Can you set down, exactly as they appear below, the lines from the opening of the material through the one bearing "CIRCLE SH KNIFE, STAINLESS", minus the pictures?

****************

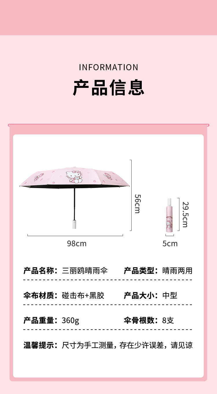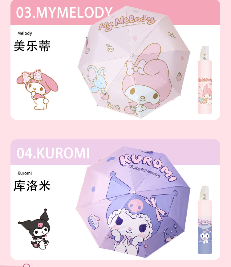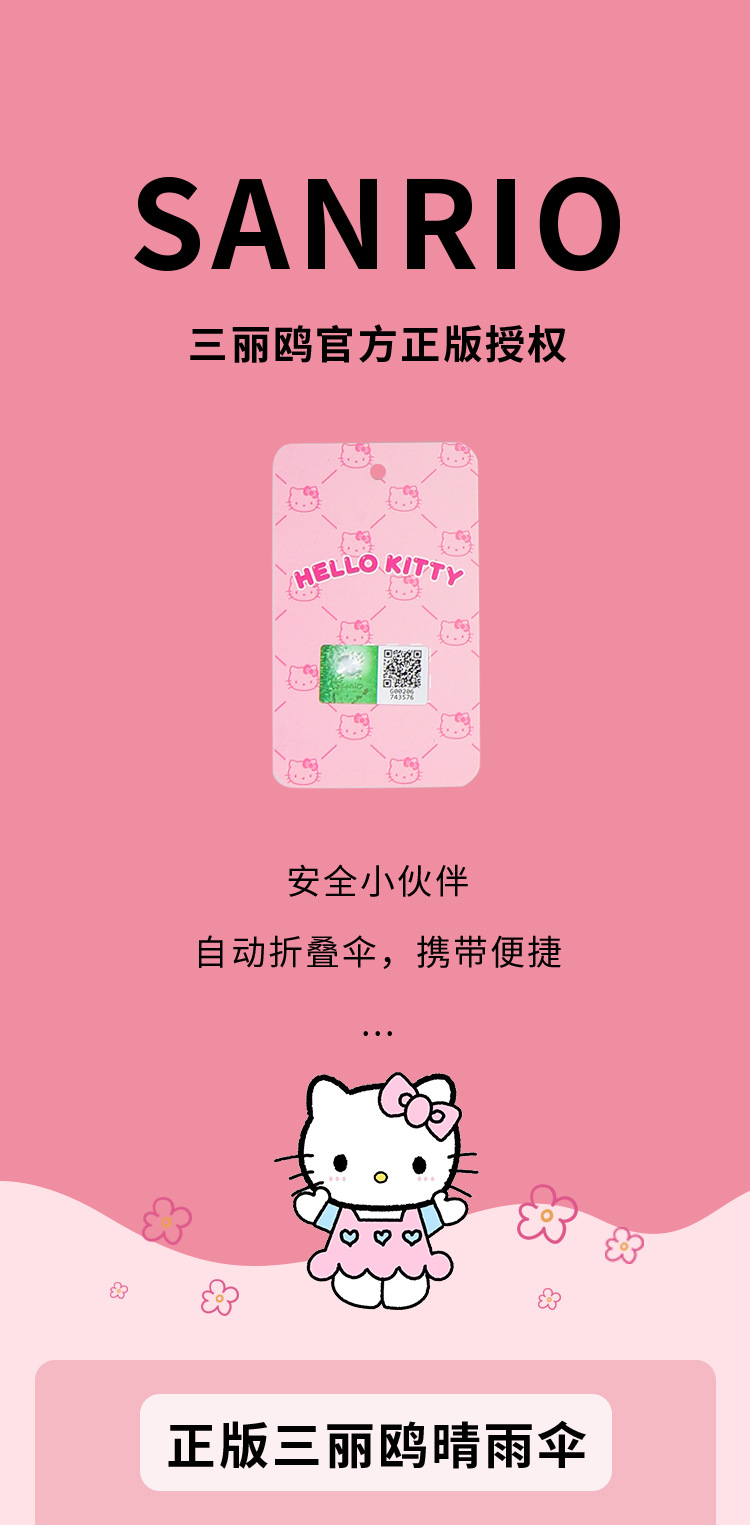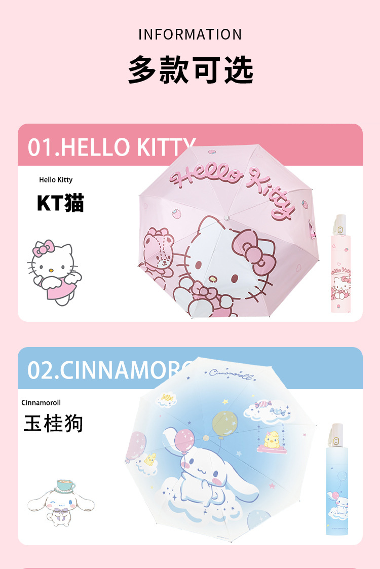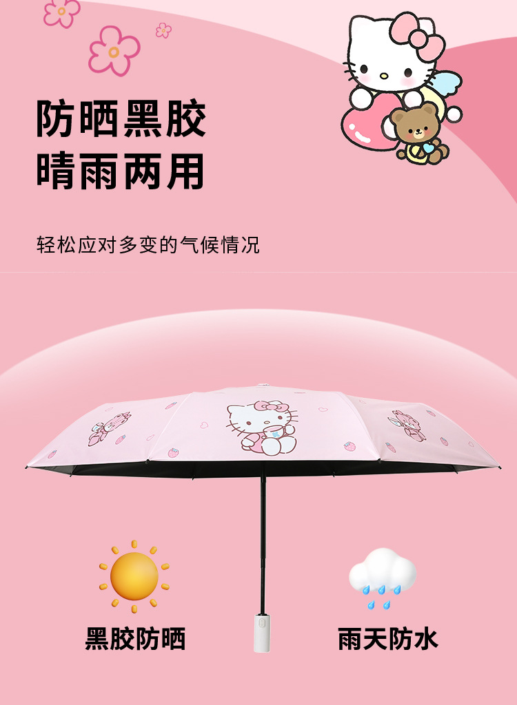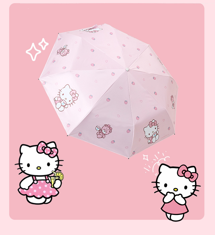 정품 산리오 어린이 안전 반동 자동 우산 헬로 키티 선 우산 초중고 학생용
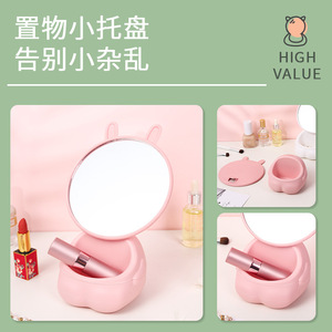 镜子桌面储物化妆镜可爱粉色兔子学生宿舍卧室桌面镜镜子放桌子上
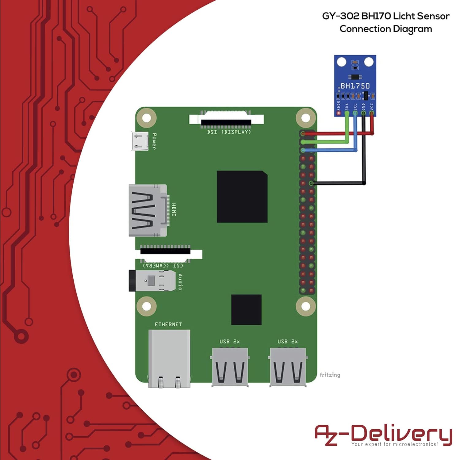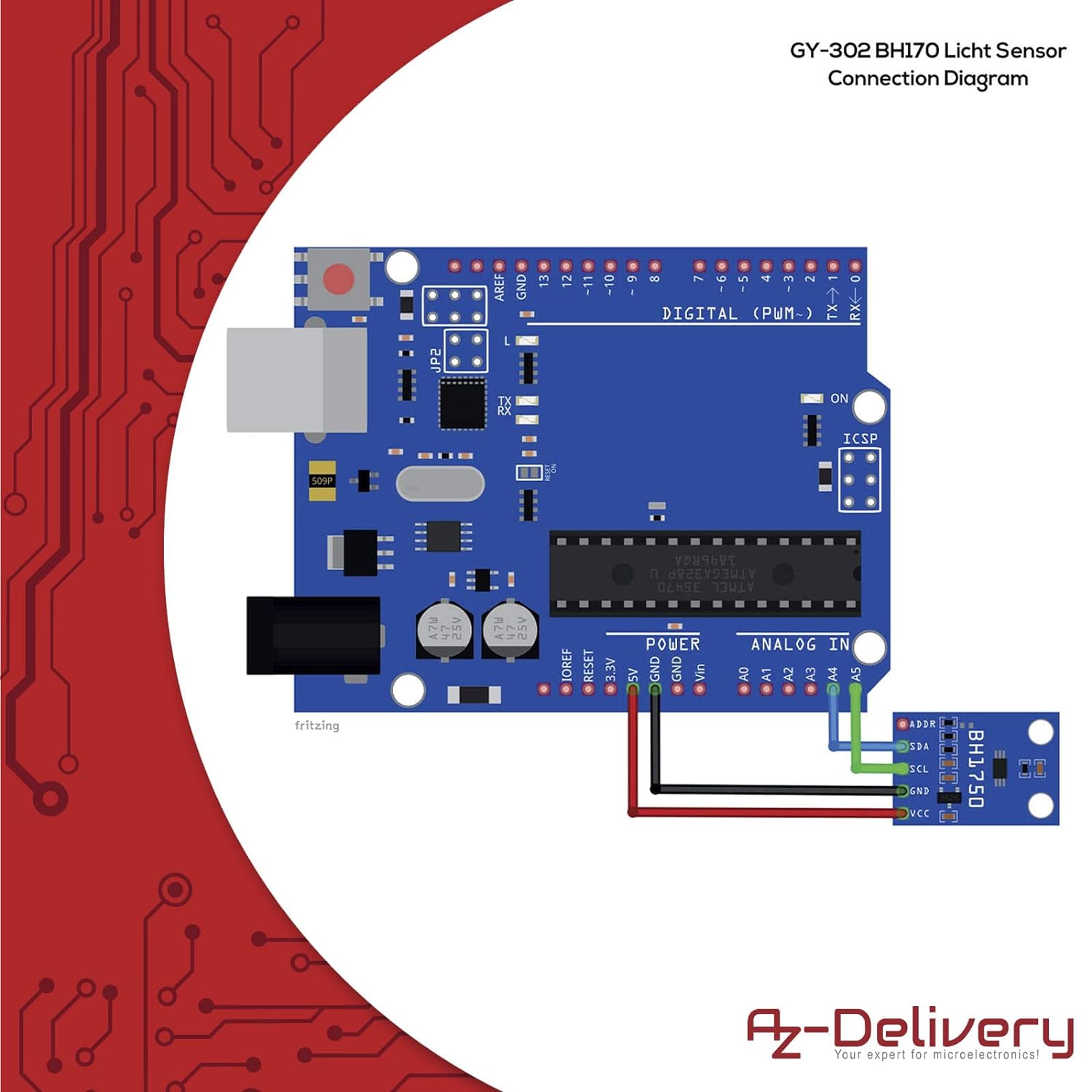 Sensor AZDelivery GY-302 mit BH1750 Chipsatz ist ein moderner Licht-Sensor, der die Helligkeit bzw. Sonneneinstrahlung gut dokumentiert.
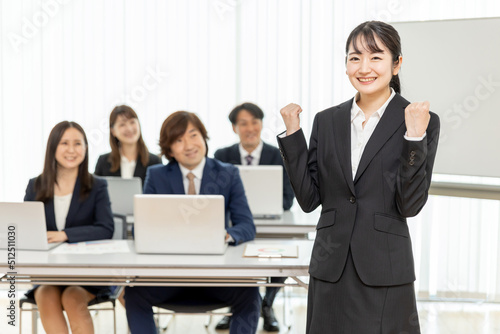 研修の講師とスーツ姿の男女(ガッツポーズ)
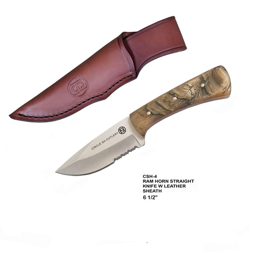 CIRCLE SH KNIFE, STAINLESS STELL BLD/ RAM HORN HANDLE / LTHR SHEALTH
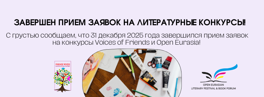 С грустью сообщаем, что 31 декабря 2025 года завершился прием заявок на конкурсы Voices of Friends и Open Eurasia! Этот год был полон вдохновения, открытий и возможностей для каждого из вас, стремящихся поделиться своим талантом и создать нечто удивительное.
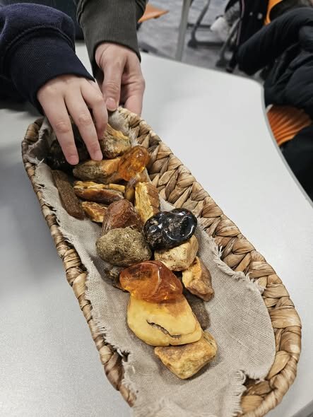 Balandžio 24 d. 2a, 3c ir 4a klasių mokiniai leidosi į nuotaikingą pažintį su Baltijos gintaru – edukacija vyko mūsų mokykloje, į kurią atvyko edukatorė.
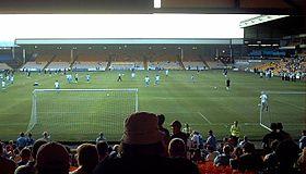 Vale Park has been Port Vale's home ground since 1950; it is located on Hamil Road, opposite Burslem Park. Originally planned to be as massive as an 80,000 capacity stadium, the development was known as the "Wembley of the North".[69] However the £50,000 project opened at a capacity of 40,000 (360 seated) – still highly ambitious.[67] The capacity was increased to a sell-out 49,768 for an FA Cup tie with Aston Villa in 1960.[67] The stadium underwent numerous upgrades after Bill Bell was elected as chairman in 1987, who aimed to make it "fit for the Premiership", though the job was never entirely completed and the Lorne Street stand remained half-finished.[70] Outside the ground is a statue to Roy Sproson, who played 842 competitive games for the club.[71]
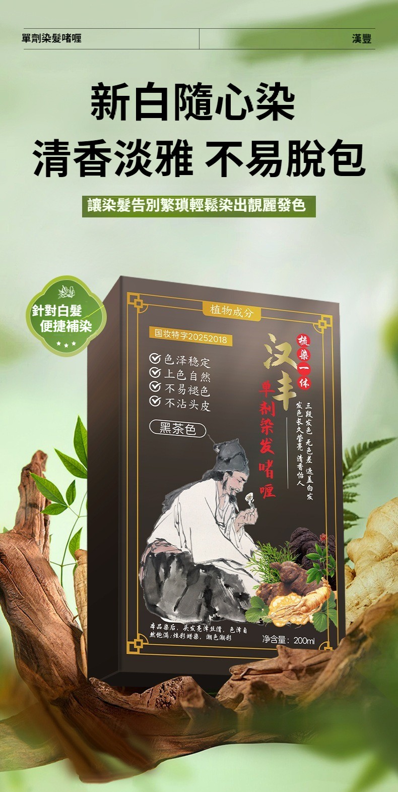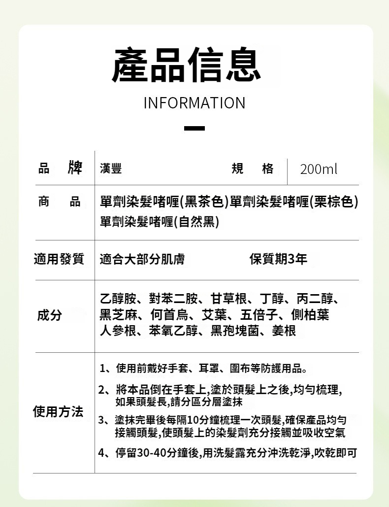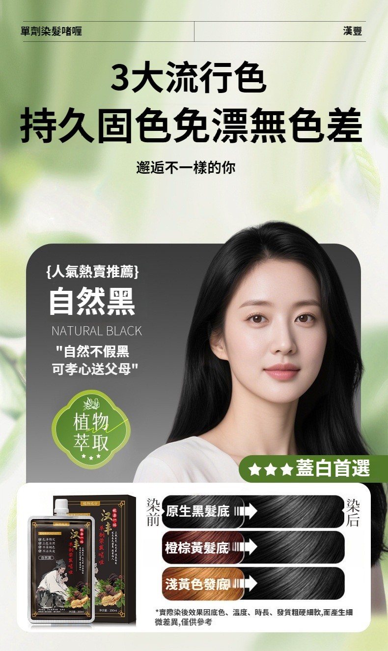第 1 件 : 漢豐草本熬制單劑染髪膏溫和上色花香染透明包裝安全染髪劑
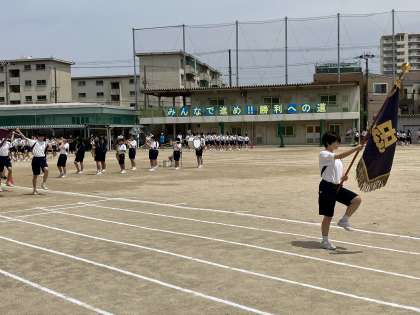 体育大会当日は、ナップサックにお弁当、水筒、タオル、レジャーシート、帽子、各係やクラブ行進時に必要なものを入れて登校となります。
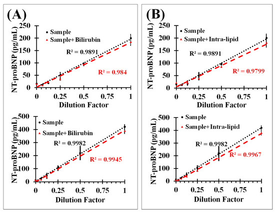 The interference from endogenous constituents such as bilirubin, intra-lipid, hemoglobin, and biotin in plasma has been reported in immunoassays used for the detection of NT-proBNP [39,40]. Therefore, to determine the interference of these materials in us-NT-proBNP test, plasma samples were spiked separately with bilirubin (0.2 mg/mL), intra-lipid (0.2%), hemoglobin (1 mg/mL) and biotin (30 ng/mL). Figure 3A,B demonstrate the results for samples containing 200 pg/mL and 420 pg/mL of NT-proBNP mixed with the bilirubin and intra-lipid. A serial dilution test by us-NT-proBNP test was also performed on the samples in presence and absence of bilirubin and intra-lipid. The similarity in the correlation coefficient values, which were higher than 0.984, in presence and absence of interfering materials clearly indicate that us-NT-proBNP test does not have any interference from bilirubin, intra-lipid, and any other endogenous constituents in the tested samples.
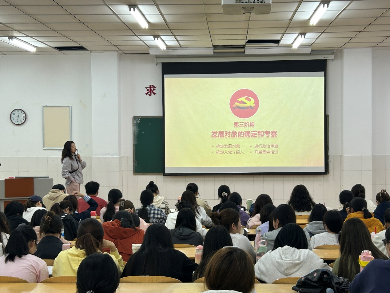 首先,张珂瑜老师从“入党程序及其注意事项”进行了详细讲解,其内容包括申请入党的条件、入党积极分子的确定和培养、发展对象的确定和考察、预备党员的接收、预备党员的教育考察和转正。接着,张珂瑜老师特别强调了入党申请书、入党志愿书、思想汇报等材料的写作注意事项,并提到在入党过程中,入党申请人应始终保持真诚、坦率的态度,如实向党组织汇报自己的思想、学习和工作情况。她强调,入党积极分子应清楚并掌握入党条件和发展党员标准,时刻以高标准来严格要求自己,遵守校规校纪,提高思想觉悟,端正入党动机。
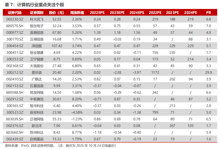 信创:1)国产基础软硬件龙头:中国软件、达梦数据、中国长城、寒武纪、海光信息、太极股份等。2)信创细分领域龙头:金山办公、卓易信息、纳思达、海量数据、超图软件、彩讯股份、航天软件等。3)工业软件:概伦电子、华大九天、广立微、中望软件、浩辰软件、索辰科技、中控技术、柏楚电子、宝信软件、科远智慧、能科科技、固高科技、赛意信息、汉得信息、鼎捷软件等。4)鸿蒙:软通动力、中国软件国际、拓维信息、润和软件、诚迈科技、麒麟信安、东方中科等。

****************

▶ _Answer_
 정품 산리오 어린이 안전 반동 자동 우산 헬로 키티 선 우산 초중고 학생용
 镜子桌面储物化妆镜可爱粉色兔子学生宿舍卧室桌面镜镜子放桌子上
 Sensor AZDelivery GY-302 mit BH1750 Chipsatz ist ein moderner Licht-Sensor, der die Helligkeit bzw. Sonneneinstrahlung gut dokumentiert.
 研修の講師とスーツ姿の男女(ガッツポーズ)
 CIRCLE SH KNIFE, STAINLESS STELL BLD/ RAM HORN HANDLE / LTHR SHEALTH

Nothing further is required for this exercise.